What Did Nancy Know, and When Did She Know It?

Defenders of harsh interrogation techniques like waterboarding have generally been nonplussed by the recent news that the CIA destroyed videotapes of several interrogations. For waterboarding’s harsh critics however, the news has caused some heartburn. In particular, a columnist for the San Francisco Chronicle (and contributor to the site TruthDig.com) wants to know why Speaker Pelosi didn’t speak up about what she knew:

Pelosi’s press aide Brendan Daly told me that the Washington Post report on her CIA briefing was “overblown” because Pelosi, then the ranking Democrat on the House Intelligence Committee thought the techniques described, which the CIA insists included waterboarding, were planned for the future and not yet in use. Pelosi claimed that “several months later” her successor as the ranking Democrat, Rep. Jane Harman of Los Angeles County, was advised the techniques “had in fact been employed” and wrote a classified letter to the CIA in protest, and Pelosi “concurred.” Neither went public with her concerns… Pelosi testified before the commission on May 22, 2003 but uttered not a word of caution about the methods used…. Hopefully I am missing something here, having admired Pelosi for decades, but if she and the others in the know have another version of these events, it’s time to come clean.
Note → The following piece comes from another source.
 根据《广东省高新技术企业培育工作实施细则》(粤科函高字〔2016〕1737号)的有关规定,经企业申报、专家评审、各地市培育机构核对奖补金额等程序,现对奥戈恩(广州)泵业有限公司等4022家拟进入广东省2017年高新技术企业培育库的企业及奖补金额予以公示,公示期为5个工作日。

Here’s one possible explanation: Speaker Pelosi recognized the importance of getting information from captured enemies in the period after September 11, but changed her mind about it when she sensed political opportunity in criticizing the Bush administration. Based on the Washington Post‘s reporting of the briefing she received on harsh interrogation, it’s even possible that she was among those who wondered whether the methods were tough enough:

In September 2002, four members of Congress met in secret for a first look at a unique CIA program designed to wring vital information from reticent terrorism suspects in U.S. custody. For more than an hour, the bipartisan group, which included current House Speaker Nancy Pelosi (D-Calif.), was given a virtual tour of the CIA’s overseas detention sites and the harsh techniques interrogators had devised to try to make their prisoners talk. Among the techniques described, said two officials present, was waterboarding, a practice that years later would be condemned as torture by Democrats and some Republicans on Capitol Hill. But on that day, no objections were raised. Instead, at least two lawmakers in the room asked the CIA to push harder, two U.S. officials said.
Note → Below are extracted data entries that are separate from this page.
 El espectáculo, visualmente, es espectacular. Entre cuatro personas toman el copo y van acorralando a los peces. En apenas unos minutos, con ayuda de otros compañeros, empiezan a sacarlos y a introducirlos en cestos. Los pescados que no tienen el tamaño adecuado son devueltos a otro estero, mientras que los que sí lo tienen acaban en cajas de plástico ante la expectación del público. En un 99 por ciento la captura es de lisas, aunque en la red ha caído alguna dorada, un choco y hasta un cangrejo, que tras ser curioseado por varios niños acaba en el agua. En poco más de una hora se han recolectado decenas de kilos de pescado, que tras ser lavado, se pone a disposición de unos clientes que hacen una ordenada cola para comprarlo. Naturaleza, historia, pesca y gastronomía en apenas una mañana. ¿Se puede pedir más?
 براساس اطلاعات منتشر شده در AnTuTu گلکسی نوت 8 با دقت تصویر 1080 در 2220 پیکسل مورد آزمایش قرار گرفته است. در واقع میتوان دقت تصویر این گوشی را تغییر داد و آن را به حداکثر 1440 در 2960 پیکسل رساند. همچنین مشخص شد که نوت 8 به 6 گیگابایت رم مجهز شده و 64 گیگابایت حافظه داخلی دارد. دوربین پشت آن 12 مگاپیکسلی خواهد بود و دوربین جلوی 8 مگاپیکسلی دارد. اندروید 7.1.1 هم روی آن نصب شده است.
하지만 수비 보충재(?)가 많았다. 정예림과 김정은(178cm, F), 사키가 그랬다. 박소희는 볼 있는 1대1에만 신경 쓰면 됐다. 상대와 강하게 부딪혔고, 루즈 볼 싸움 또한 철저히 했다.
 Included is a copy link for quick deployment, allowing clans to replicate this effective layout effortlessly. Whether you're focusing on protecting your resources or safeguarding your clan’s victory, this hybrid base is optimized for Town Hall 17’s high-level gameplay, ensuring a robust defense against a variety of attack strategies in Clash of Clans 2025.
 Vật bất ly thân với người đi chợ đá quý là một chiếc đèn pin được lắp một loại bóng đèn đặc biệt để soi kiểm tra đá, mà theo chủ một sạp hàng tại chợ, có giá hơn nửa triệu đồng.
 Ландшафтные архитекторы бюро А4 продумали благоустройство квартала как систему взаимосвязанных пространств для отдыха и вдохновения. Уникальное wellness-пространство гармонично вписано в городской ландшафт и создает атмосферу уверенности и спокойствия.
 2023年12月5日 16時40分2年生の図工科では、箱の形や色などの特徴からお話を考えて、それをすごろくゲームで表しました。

After all, an informed Congressional source tells the Post that Pelosi at least raised no objection to the technique when she learned about it:

Pelosi declined to comment directly on her reaction to the classified briefings. But a congressional source familiar with Pelosi’s position on the matter said the California lawmaker did recall discussions about enhanced interrogation. The source said Pelosi recalls that techniques described by the CIA were still in the planning stage — they had been designed and cleared with agency lawyers but not yet put in practice — and acknowledged that Pelosi did not raise objections at the time.
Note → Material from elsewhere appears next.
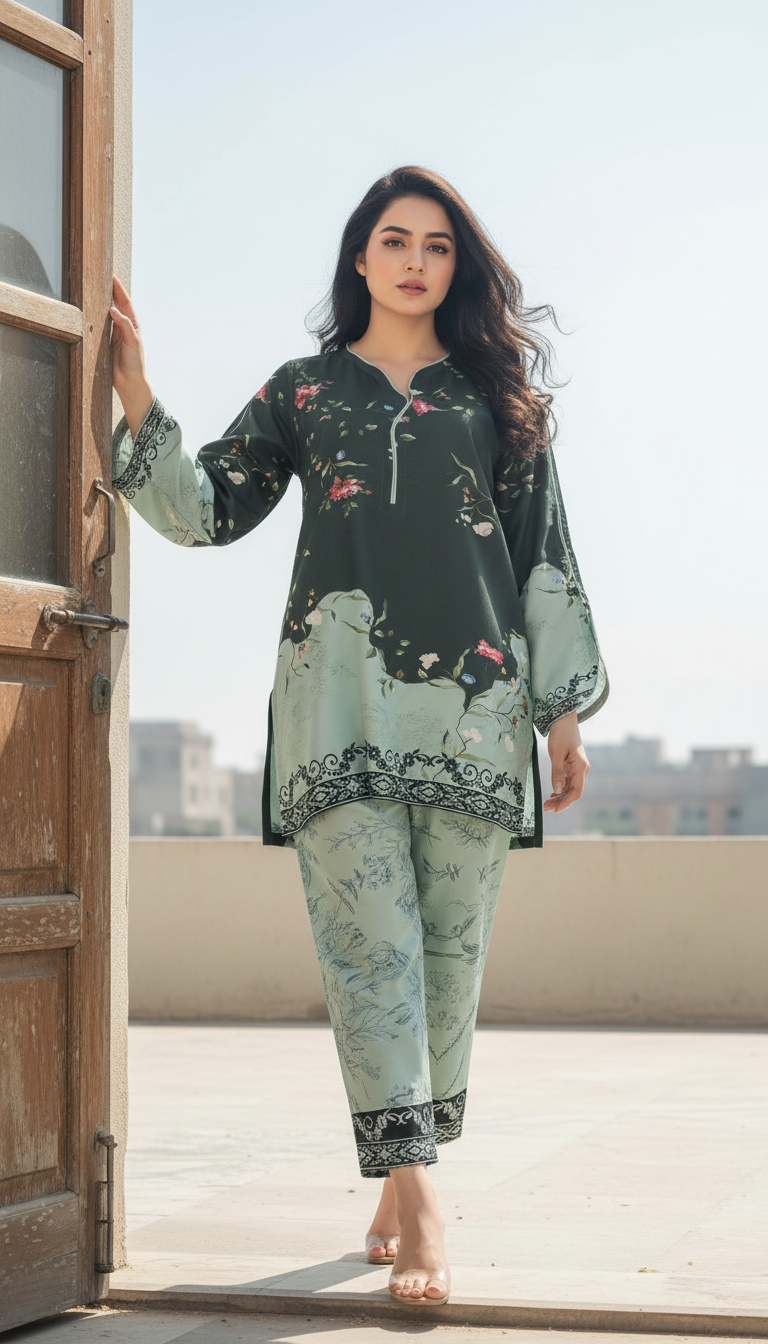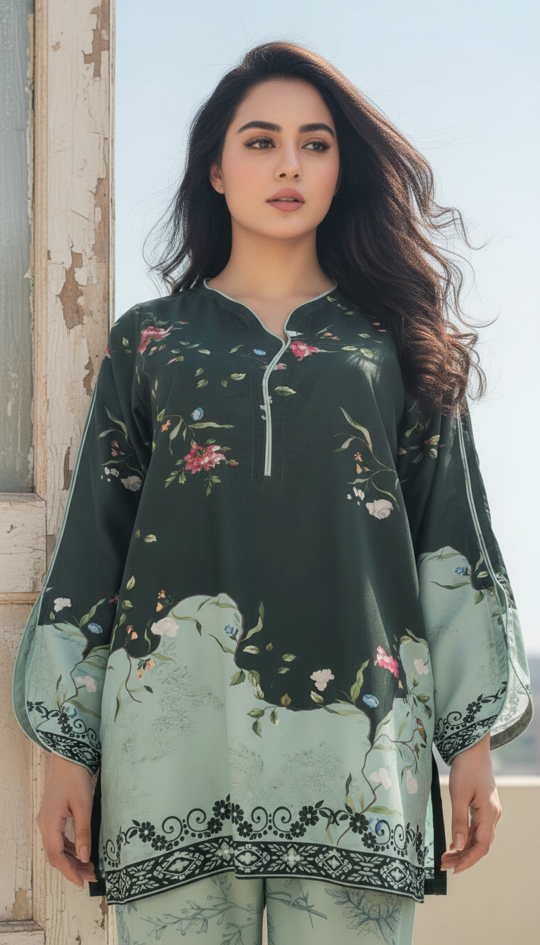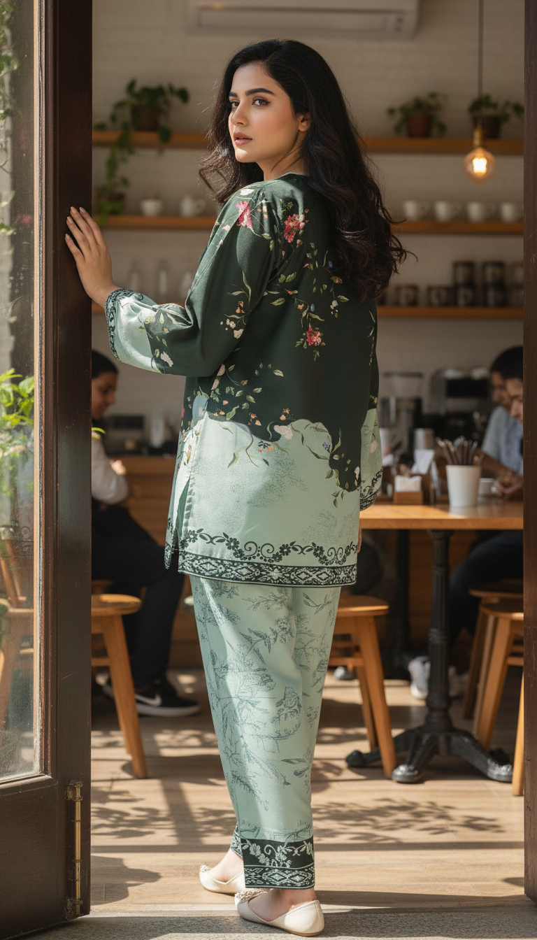 Refresh your wardrobe with this elegant sage and forest green floral printed co-ord set, blending comfort with contemporary style. The two-piece outfit features a beautifully designed long shirt with a floral and botanical print, complemented by contrast detailing on the sleeves and hem. The matching printed trousers complete the look with refined coordination and subtle charm.

Reasonable people can and do disagree about whether waterboarding constitutes torture, but given that there’s no evidence the technique was ever widely used, and that it’s use has been discontinued, it’s clear that Democrats are seizing on it for political benefit. Pelosi’s sudden devotion to stopping waterboarding provides even greater evidence. One can only hope that the left continues to press the Speaker for an explanation of her conversion–it’s clear that she long ago stopped listening to the rest of us.